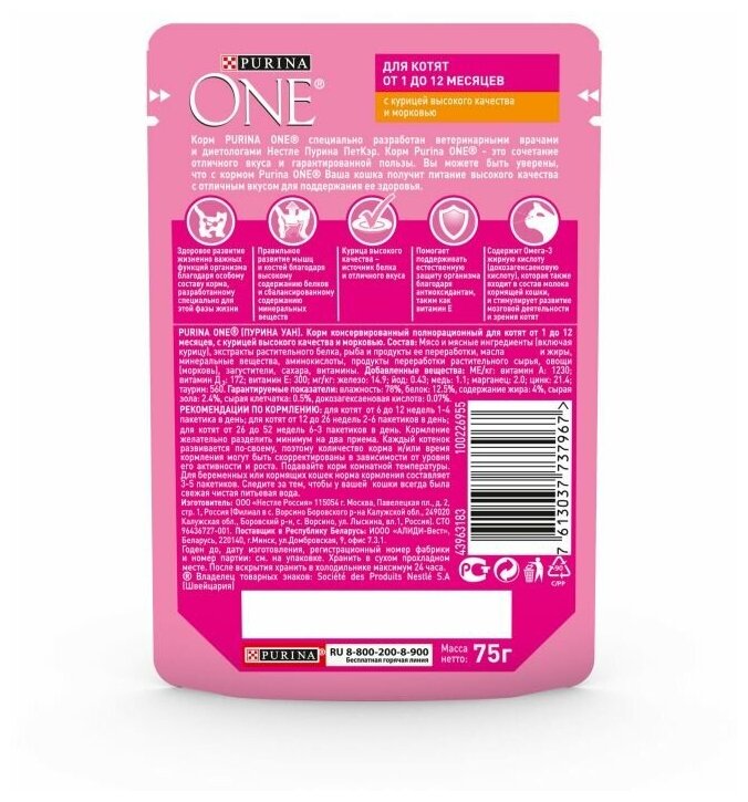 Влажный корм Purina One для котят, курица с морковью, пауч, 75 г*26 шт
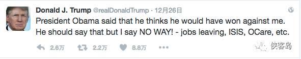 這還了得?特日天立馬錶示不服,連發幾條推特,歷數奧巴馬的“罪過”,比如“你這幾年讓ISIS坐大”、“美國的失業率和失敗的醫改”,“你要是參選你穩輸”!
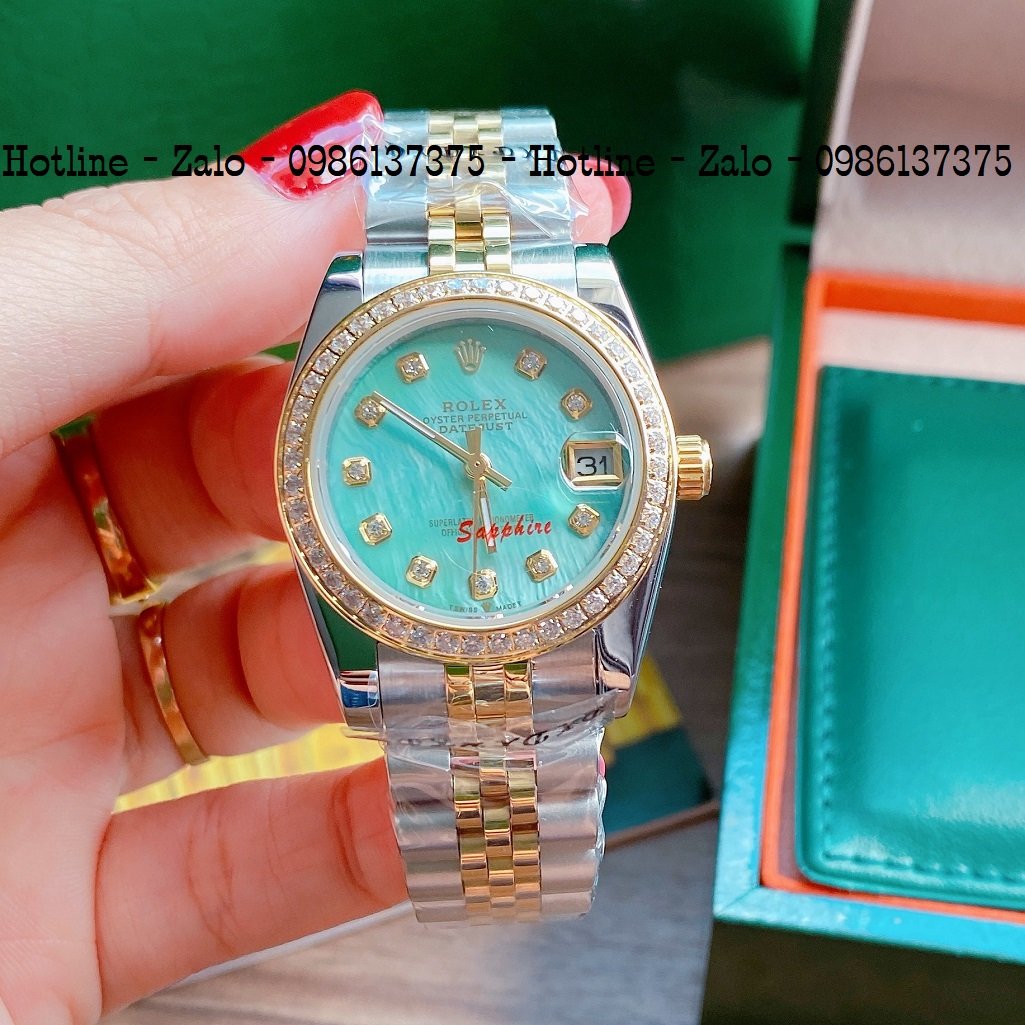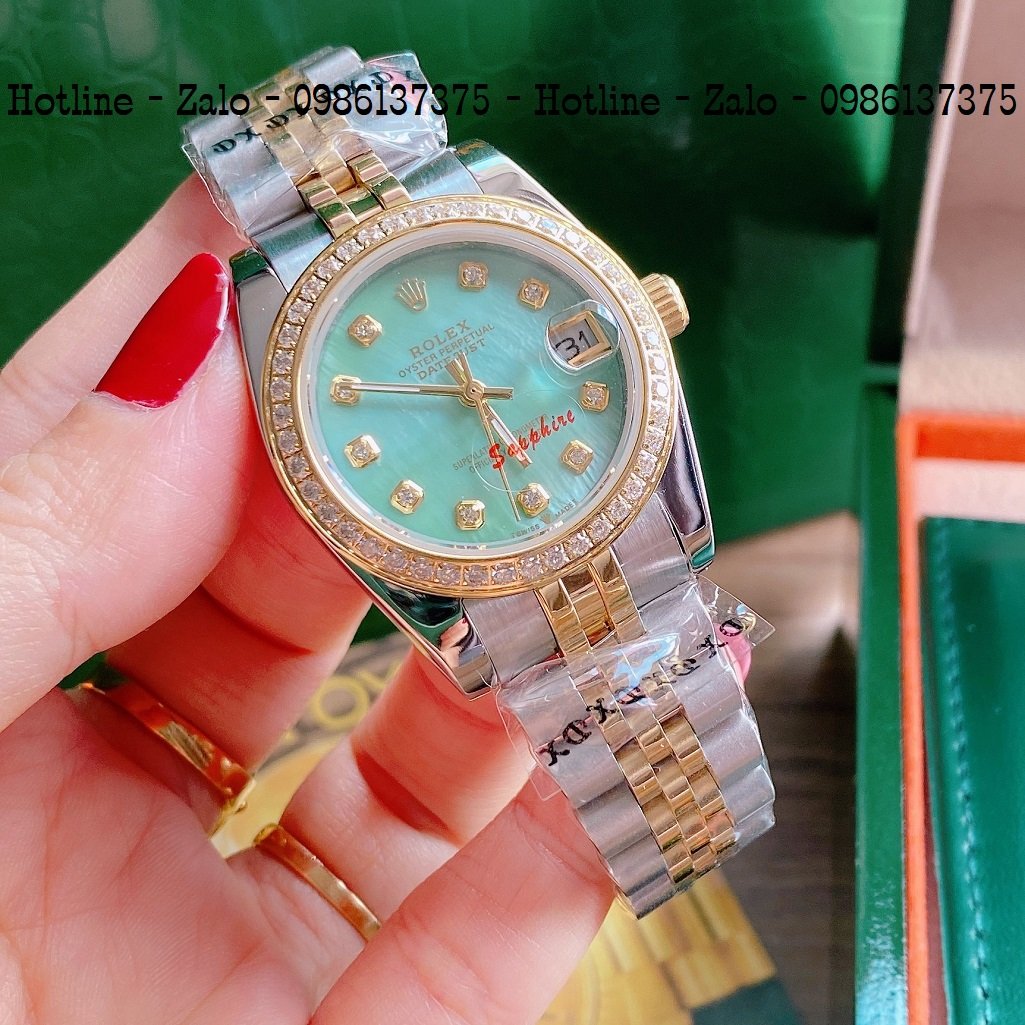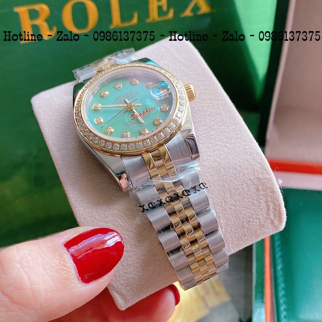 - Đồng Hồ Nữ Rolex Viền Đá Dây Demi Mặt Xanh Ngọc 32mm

**YOUR OBJECTIVE:** Everything in the material must be duplicated exactly, except the pictures.

**YOUR SOLUTION:**
 Влажный корм Purina One для котят, курица с морковью, пауч, 75 г*26 шт
 這還了得?特日天立馬錶示不服,連發幾條推特,歷數奧巴馬的“罪過”,比如“你這幾年讓ISIS坐大”、“美國的失業率和失敗的醫改”,“你要是參選你穩輸”!
 - Đồng Hồ Nữ Rolex Viền Đá Dây Demi Mặt Xanh Ngọc 32mm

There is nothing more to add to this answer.